At each lat/lon pair for each of the 930 time stamps, I need to count the number of times that the value meets or exceeds a threshold "x" (such as 0.2 or 0.5 etc.) and ultimately calculate the percentage that the threshold was exceeded at each point, then output the results so they can be plotted later on.
I have attempted numerous methods but here is my most recent:
lat_length = len(lats)
#where lats has been defined earlier when unpacked from the netCDF dataset
lon_length = len(lons)
#just as lats; also these were defined before using np.meshgrid(lons, lats)
for i in range(0, lat_length):
for j in range(0, lon_length):
if ice[:,i,j] >= x:
#code to count number of occurrences here
#code to calculate percentage here
percent_ice[i,j] += count / len(time) #calculation
#then go on to plot percent_ice
I hope this makes sense! I would greatly appreciate any help. I'm self taught in Python so I may be missing something simple.

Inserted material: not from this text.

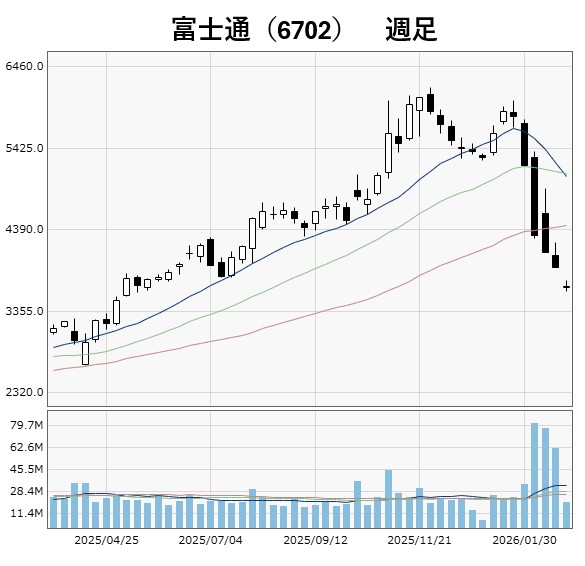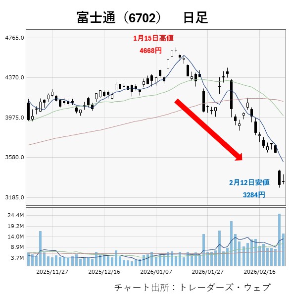 富士通はIT・サービス分野の大手ですが、今の株式市場ではこの手の銘柄がかなり嫌われています。AI(人工知能)の進化がソフトウェア関連企業の事業機会を奪うとの警戒が広がったことが売り材料となっています。アメリカで新興AI開発企業が新機能についてのリリースを出すと、米国のソフトウェア関連株が大きく下げ、日本の関連株も連れ安するといった負の連鎖が発生しています。

Would this be a time to use the any() function? What would be the most efficient way to count the number of times the threshold was exceeded and then calculate the percentage?

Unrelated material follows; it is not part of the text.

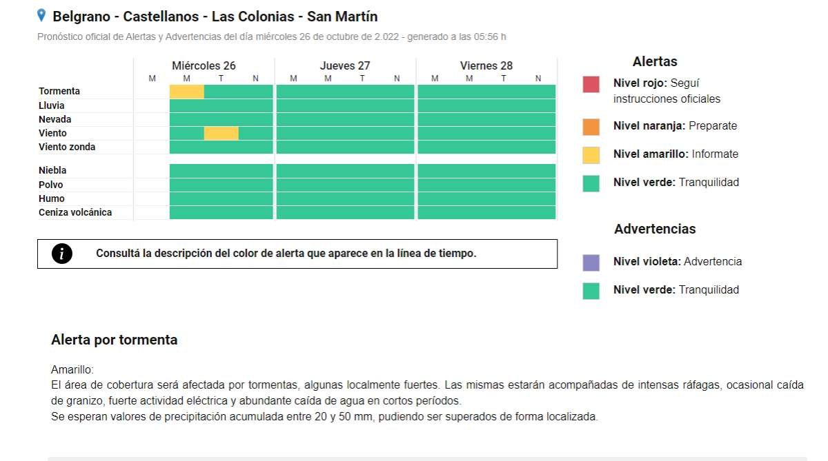 Pronóstico SAT: Renuevan el Alerta Amarillo por fuertes vientos para la tarde 26/10/2022 Por Redacción SH 115 Compartir FacebookTwitterWhatsAppEmail El Servicio Meteorológico Nacional ha emitido un nuevo Alerta Amarillo ante la posible ocurrencia de vientos fuertes en horas de la tarde de hoy, los mismos podrían ser de 30 a 50 km/h, llegando a tener ráfagas de 75 km/h. TemasAlerta AmarillopronósticoSMN Compartir FacebookTwitterWhatsAppEmail Relacionadas SAT: Alerta Amarillo por tormentas para el martes 01/03/2026 SAT: Alerta Amarillo para esta noche 26/02/2026 SAT: Alerta Naranja para esta noche 18/02/2026 Ultimas noticias AMB – F1: Libertad comenzó ganando ante 9 de Julio de Morteros 07/03/2026 Guaycurúes con actividad oficial 06/03/2026 Actividades parroquiales 06/03/2026

You can compare the input 3D array with the threshold x and then sum along the first axis with ndarray.sum(axis=0) to get the count and thereby the percentages, like so -
# Calculate count after thresholding with x and summing along first axis
count = (ice > x).sum(axis=0)
# Get percentages (ratios) by dividing with first axis length
percent_ice = np.true_divide(count,ice.shape[0])

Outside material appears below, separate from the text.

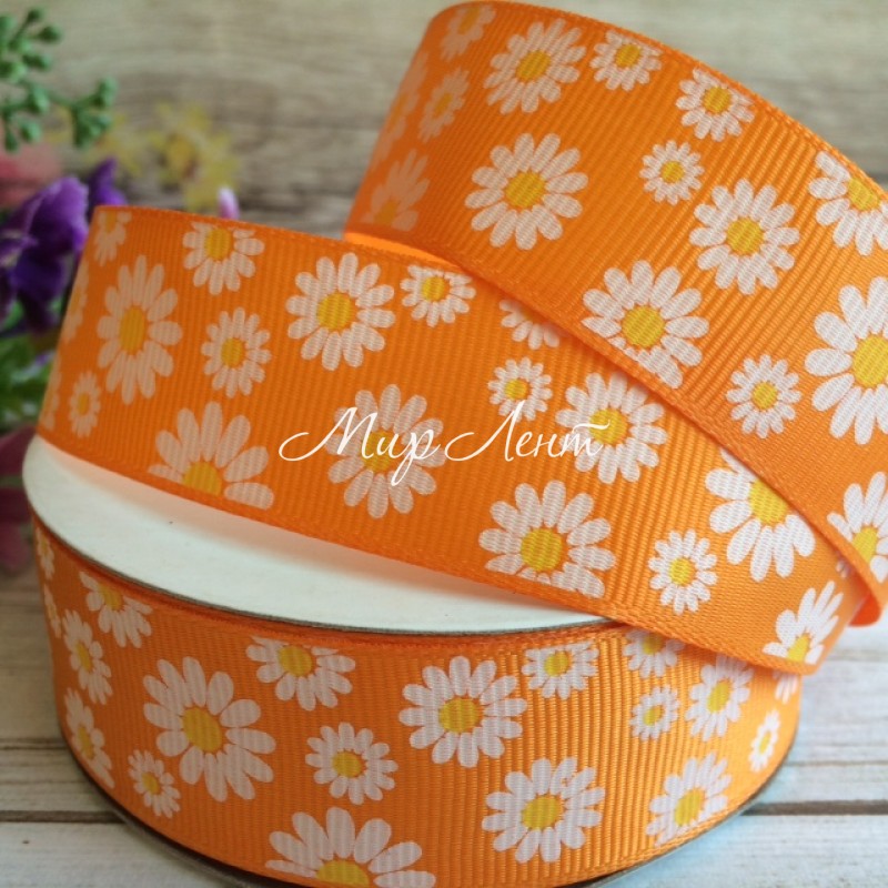 - Код товара: Репс 2,5 см, ромашка, оранжевый

Ah, look, another meteorologist!
There are probably multiple ways to do this and my solution is unlikely to be the fastest since it uses numpy's MaskedArray, which is known to be slow, but this should work:
Numpy has a data type called a MaskedArray which actually contains two normal numpy arrays. It contains a data array as well as a boolean mask. I would first mask all data that are greater than or equal to my threshold (use np.ma.masked_greater() for just greater than):
ice = np.ma.masked_greater_equal(ice)
You can then use ice.count() to determine how many values are below your threshold for each lat/lon point by specifying that you want to count along a specific axis:
n_good = ice.count(axis=0)
This should return a 2-dimensional array containing the number of good points. You can then calculate the number of bad by subtracting n_good from ice.shape[0]:
n_bad = ice.shape[0] - n_good
and calculate the percentage that are bad using:
perc_bad = n_bad/float(ice.shape[0])
There are plenty of ways to do this without using MaskedArray. This is just the easy way that comes to mind for me.